Make a histogram of the residuals of the model using ggplot2.

residuals <- residuals(personality_mod)

## Error in residuals(personality_mod): object 'personality_mod' not found

ggplot() +
  geom_histogram(aes(residuals), color = "black", binwidth = 0.25)

## Error: Aesthetics must be valid data columns. Problematic aesthetic(s): x = residuals. 
## Did you mistype the name of a data column or forget to add after_stat()?

Question 4

Write code to predict the neuroticism score for the minimum, mean, and maximum extraversion scores.
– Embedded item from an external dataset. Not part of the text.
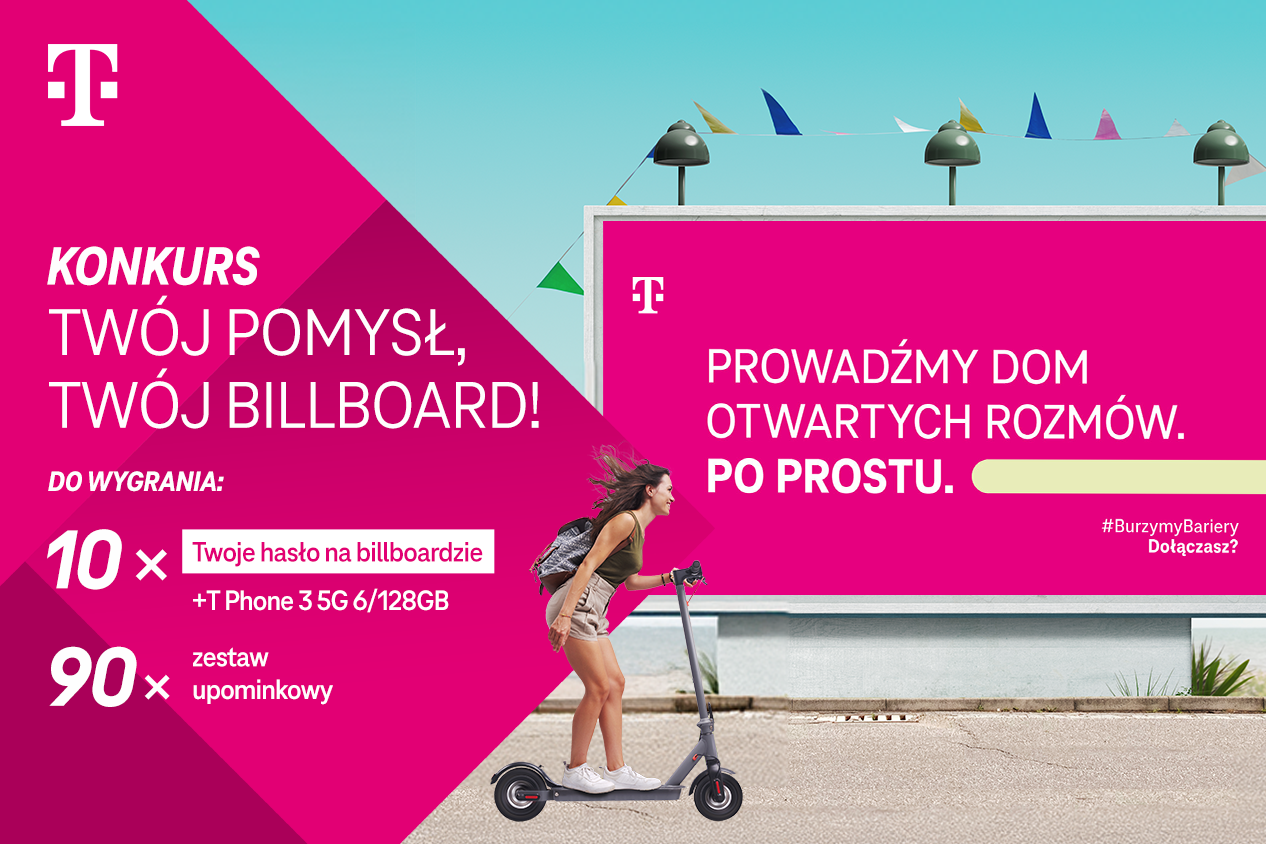 Zasady konkursu są proste – wystarczy wymyślić hasło, które odpowiada na pytanie: „Jaki jest Twój sposób na prostą komunikację w rodzinie” i przesłać je za pośrednictwem strony Burzymy bariery – konkurs T-Mobile | T-Mobile. 10 najlepszych zgłoszeń wyeksponujemy na billboardach w całej Polsce, a ich autorów nagrodzimy najnowszym T Phone 3 5G 6/128GB wraz z akcesoriami – etui i słuchawkami ANC TWE 220. To jednak nie koniec – twórcy 90 kolejnych zgłoszeń otrzymają od nas wyjątkowe zestawy upominkowe. – W T-Mobile lubimy wsłuchiwać się w to, co mają do powiedzenia nasi klienci. Na początku roku pytaliśmy ich o hasła zawierająca ciekawe sposoby na burzenie barier międzyludzkich. Pierwotnie na billboardach planowaliśmy umieścić trzy najciekawsze propozycje. Kreatywność uczestników jednak tak nas poruszyła, że ostatecznie pokazaliśmy na billboardach w całej Polsce aż dwadzieścia zgłoszeń. Jesteśmy przekonani, że i w tym przypadku nasi klienci pokażą drzemiącą w nich pomysłowość. Ciekawe, czym nas teraz zaskoczą – mówi Paulina Rekosz, Dyrektorka Departamentu Zarządzania Marką i Customer Experience.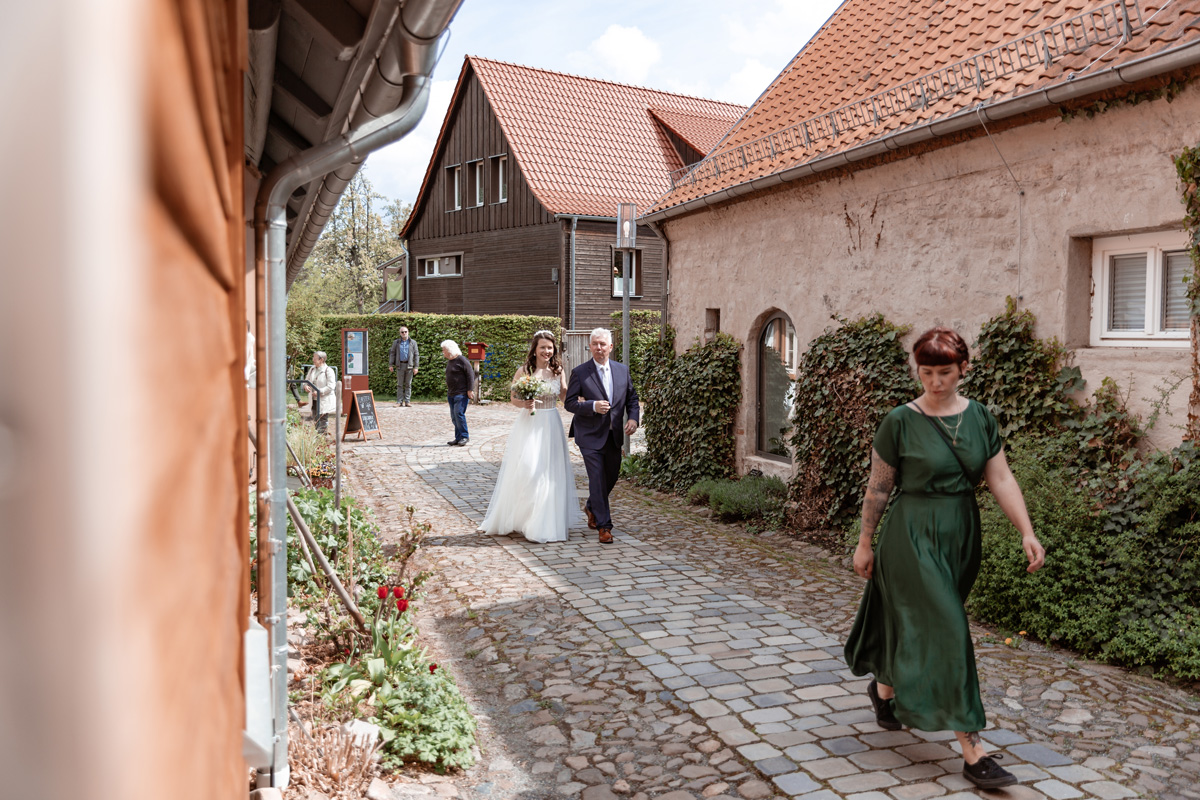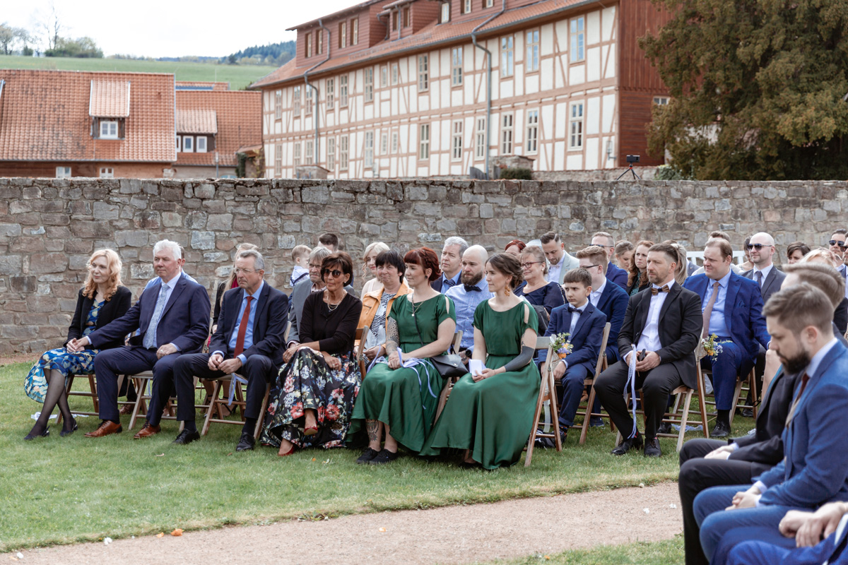 Die wunderschöne Hochzeitsfeier fand im Garten des idyllischen Klosters Drübecks im malerischen Harz statt. Die traumhafte historische Kulisse des Klosters verlieh der Hochzeit einen ganz besonderen Charme. Die Vorbereitungen für diesen großen Tag waren äußerst detailverliebt und liebevoll gestaltet, was sofort ins Auge sprang.

Store the vector of predictions in the variable personality_pred.

scores <-  data.frame(
  Ex = c(
    min(personality_scores$Ex, na.rm = TRUE),
    mean(personality_scores$Ex, na.rm = TRUE),
    max(personality_scores$Ex, na.rm = TRUE)
  ),
  # adding the row names makes the output of predict easier to read
  row.names = c("min", "mean", "max")
)

## Warning in min(personality_scores$Ex, na.rm = TRUE): no non-missing arguments to
## min; returning Inf

## Warning in mean.default(personality_scores$Ex, na.rm = TRUE): argument is not
## numeric or logical: returning NA

## Warning in max(personality_scores$Ex, na.rm = TRUE): no non-missing arguments to
## max; returning -Inf

personality_pred <- predict(personality_mod, newdata = scores)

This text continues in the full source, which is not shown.